For most healthy adults, short-term use of common probiotics for occasional digestive issues is safe. However, I always flag a few situations where extra caution or medical advice is warranted:

  • People with severe immunosuppression or central venous catheters should consult a clinician before using live probiotics.
  • If you have an indwelling medical device or are critically ill, avoid self-prescribing without professional input.
  • Infants, pregnant women, and people with complex medical conditions should talk to their healthcare provider about specific strains and doses.
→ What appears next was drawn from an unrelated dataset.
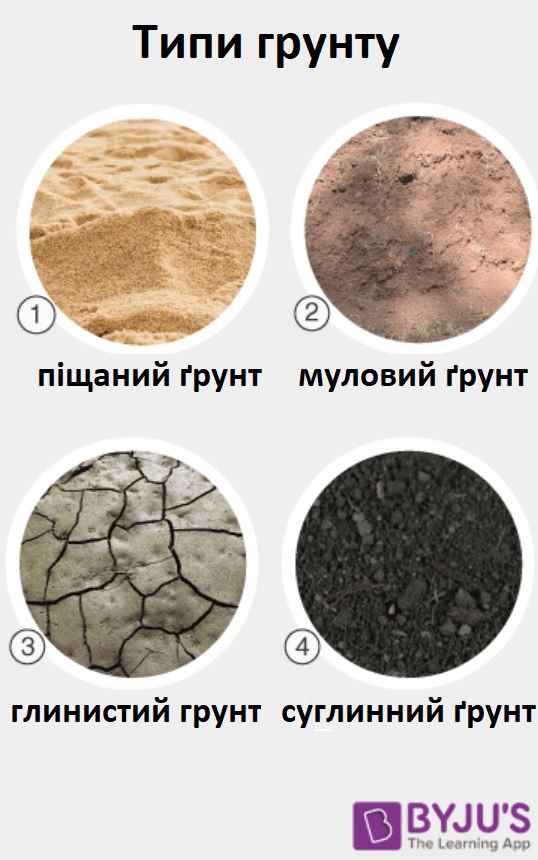Види ґрунтів · Піщані ґрунти · Супіщані ґрунти · Торф’яно-болотні ґрунти · Кам’янисті ґрунти · Суглинкові ґрунти · Глинисті ґрунти · Крейдяні ґрунти.

Quick comparison table of commonly used strains

Strain Typical use Typical dose used in studies
Saccharomyces boulardii Traveller's diarrhoea, antibiotic-associated diarrhoea 250–500 mg/day
Lactobacillus rhamnosus GG (LGG) Acute diarrhoea, traveller's diarrhoea ~10 billion CFU/day
Bifidobacterium infantis Bloating, IBS-type symptoms 1–10 billion CFU/day (varies)
Bifidobacterium & Lactobacillus blends General digestive support 10–50+ billion CFU/day

Practical product picks I’d consider

If you want a quick shortlist to look for while shopping or online, here are types of products I often recommend readers try depending on their need:

  • Traveller’s diarrhoea: S. boulardii (brands: Florastor, Biocodex) or LGG (products like Culturelle).
  • After antibiotics: S. boulardii or a multi-strain product with Bifidobacteria + Lactobacilli at a moderate CFU.
  • Bloating/mild IBS: A targeted bifidobacteria formula (e.g., B. infantis) or a clinically-tested combination product.
  • Easy everyday choice: A shelf-stable multi-strain supplement listing strain IDs and CFU at end-of-life, from a reputable company with clear storage guidance.

When I recommend specific brands, I focus on transparency: companies that list the exact strains, CFU at expiry, batch numbers, and ideally cite research. That’s the difference between a hopeful supplement and one you can reasonably expect to work.

Final practical checklist before you buy

  • Is the strain matched to your symptom (S. boulardii or LGG for diarrhoea; Bifidobacteria for bloating)?
  • Is the CFU in the range used in clinical studies for that condition?
  • Does the label show CFU at end of shelf life and list strain IDs?
  • Does packaging/storage match your needs (travel vs fridge)?
  • Are there any safety reasons you should check with a clinician?

Picking a probiotic for occasional digestive issues doesn’t have to be intimidating. Focus on the strain, an evidence-based dose, and sensible timing and storage. If you try one and don’t notice improvement after a week or two, switch to another targeted option or check in with your healthcare provider — and if symptoms are severe, get professional advice promptly.